= Cone (formal languages) =

In formal language theory, a cone is a set of formal languages that has some desirable closure properties enjoyed by some well-known sets of languages, in particular by the families of regular languages, context-free languages and the recursively enumerable languages. The concept of a cone is a more abstract notion that subsumes all of these families. A similar notion is the faithful cone, having somewhat relaxed conditions. For example, the context-sensitive languages do not form a cone, but still have the required properties to form a faithful cone.

The terminology cone has a French origin. In the American oriented literature one usually speaks of a full trio. The trio corresponds to the faithful cone.

==Definition==
A cone is a family $\mathcal{S}$ of languages such that $\mathcal{S}$ contains at least one non-empty language, and for any $L \in \mathcal{S}$ over some alphabet $\Sigma$,
- if $h$ is a homomorphism from $\Sigma^\ast$ to some $\Delta^\ast$, the language $h(L)$ is in $\mathcal{S}$;
- if $h$ is a homomorphism from some $\Delta^\ast$ to $\Sigma^\ast$, the language $h^{-1}(L)$ is in $\mathcal{S}$;
- if $R$ is any regular language over $\Sigma$, then $L\cap R$ is in $\mathcal{S}$.

The family of all regular languages is contained in any cone.

If one restricts the definition to homomorphisms that do not introduce the empty word $\lambda$ then one speaks of a faithful cone; the inverse homomorphisms are not restricted. Within the Chomsky hierarchy, the regular languages, the context-free languages, and the recursively enumerable languages are all cones, whereas the context-sensitive languages and the recursive languages are only faithful cones.

==Relation to Transducers==

A finite state transducer is a finite state automaton that has both input and output. It defines a transduction $T$, mapping a language $L$ over the input alphabet into another language $T(L)$ over the output alphabet. Each of the cone operations (homomorphism, inverse homomorphism, intersection with a regular language) can be implemented using a finite state transducer. And, since finite state transducers are closed under composition, every sequence of cone operations can be performed by a finite state transducer.

Conversely, every finite state transduction $T$ can be decomposed into cone operations. In fact, there exists a normal form for this decomposition, which is commonly known as Nivat's Theorem:
Namely, each such $T$ can be effectively decomposed as
$T(L) = g(h^{-1}(L) \cap R)$, where $g, h$ are homomorphisms, and $R$ is a regular language depending only on $T$.

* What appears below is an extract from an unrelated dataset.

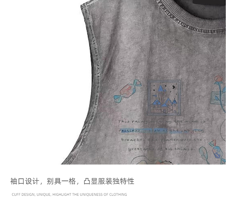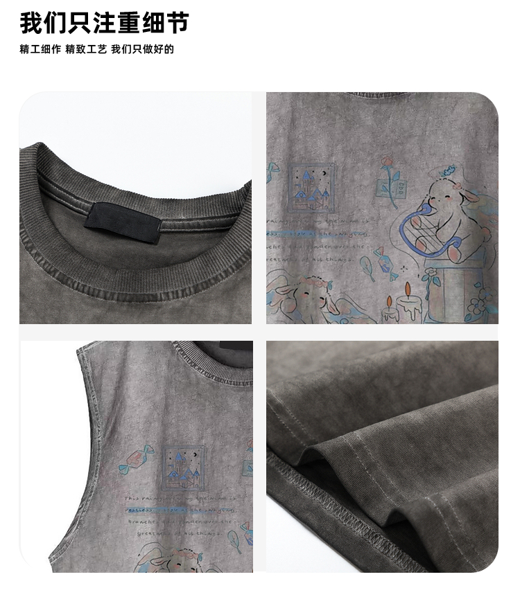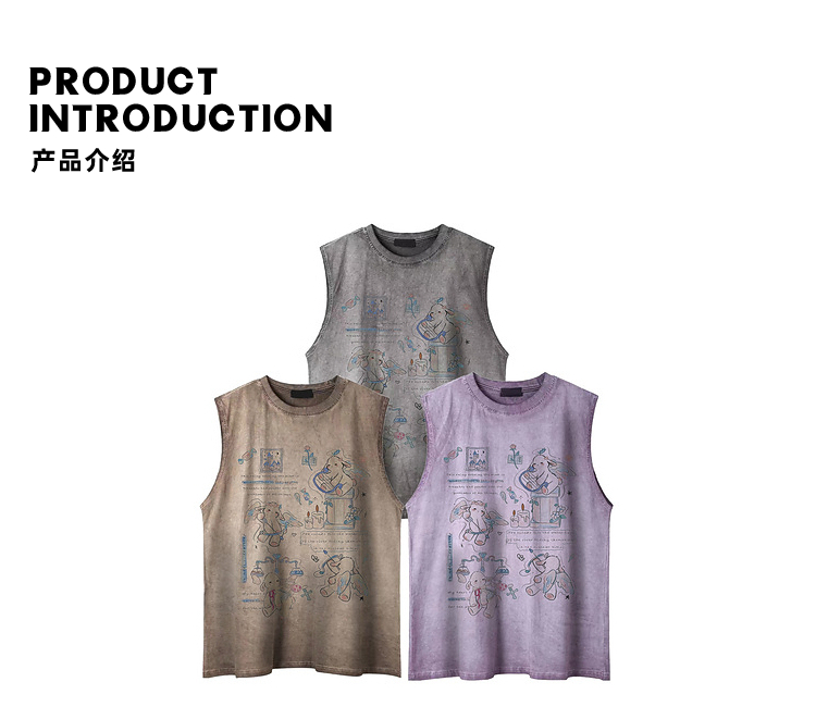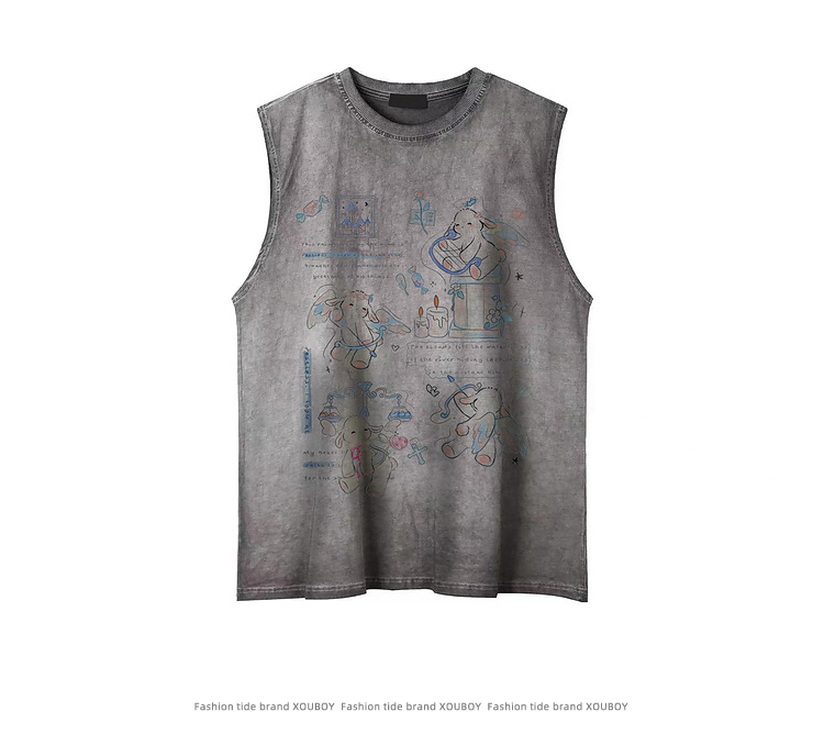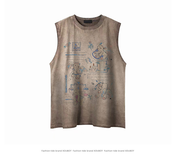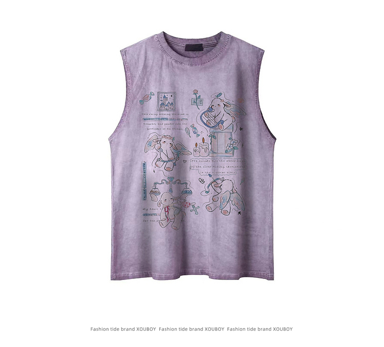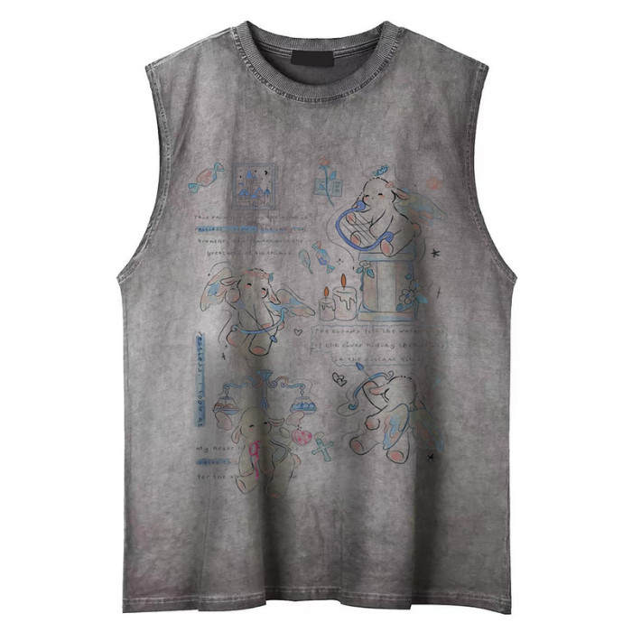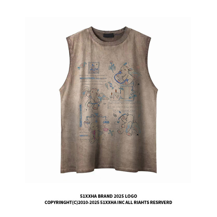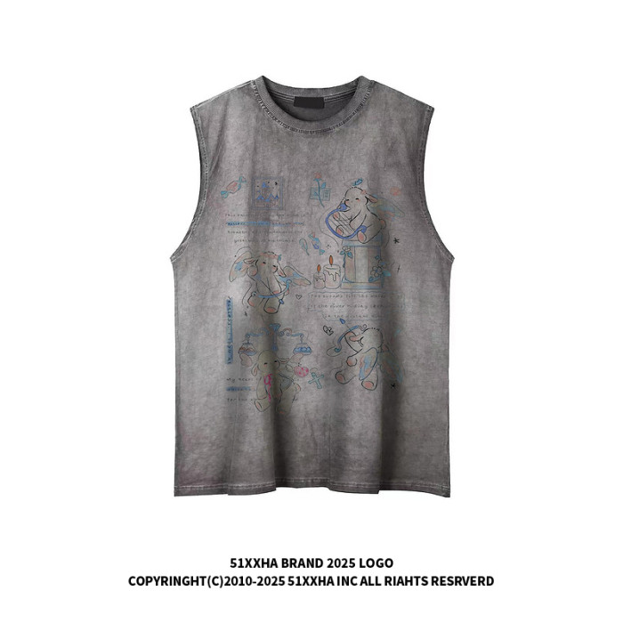 51嘻哈vintage美式復古兔子印花無袖T恤男款夏季寬松健身坎肩背心
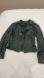 Stylish dark green faux leather jacket by Insight. Features a modern design with zippered pockets.

Altogether, this means that a family of languages is a cone if and only if it is closed under finite state transductions. This is a very powerful set of operations. For instance one easily writes a (nondeterministic) finite state transducer with alphabet $\{a,b\}$ that removes every second $b$ in words of even length (and does not change words otherwise). Since the context-free languages form a cone, they are closed under this exotic operation.